Refined phenotyping of vaccine responses reveals transcriptomic determinants of neutralizing antibody heterogeneity
摘要
Individuals exhibit considerable heterogeneity in vaccine-induced antibody responses, yet commonly used binary classifications may overlook intermediate patterns. More nuanced grouping could better capture inter-individual differences. Here, we analyzed longitudinal neutralizing antibody (NAb) trajectories in 73 adults after inactivated SARS-CoV-2 vaccination.
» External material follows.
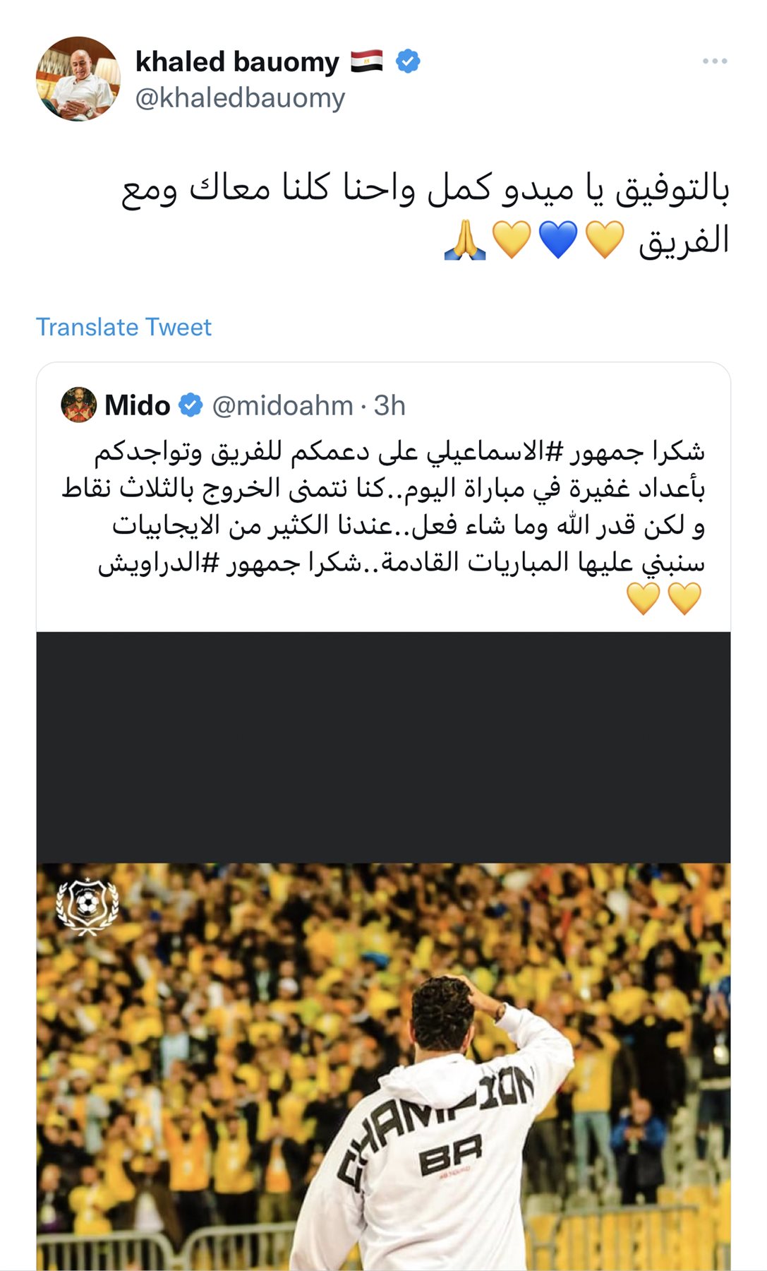 وكتب خالد بيومي عبر حسابه الشخصي بموقع التواصل الاجتماعي “تويتر”: “بالتوفيق يا ميدو كمل واحنا كلنا معاك ومع الفريق”.

Unsupervised analysis identified three phenotypes: Low-Delayed Responders (LR), with a modest, delayed NAb rise to day 30; Rapid-Stabilizing Responders (RS), peaking at day 7 and plateauing thereafter; and Continuous Increase Responders (CI), exhibiting sustained increases. Between days 0 and 7, these groups diverged in immune activation: LR showed limited pathway activation or cell shifts; RS exhibited early innate activation with reduced dendritic cells; CI mounted innate and adaptive responses with increased naive B cells. These differences culminated at day 7, when CI exhibited enhanced antigen presentation and Th1-related pathways, accompanied by higher IFN-γ and IL-2 T cell responses. CI also showed post-transcriptional regulation of innate signaling, including HLA-F/H splicing, 3’UTR shortening in IKBKE and HRAS, and biased IGHV4-59–IGHJ4 usage. Finally, we developed a baseline gene model accurately predicting LR individuals. Our work refines responder classification and provides molecular insights into antibody heterogeneity, laying groundwork for early stratification and personalized vaccination.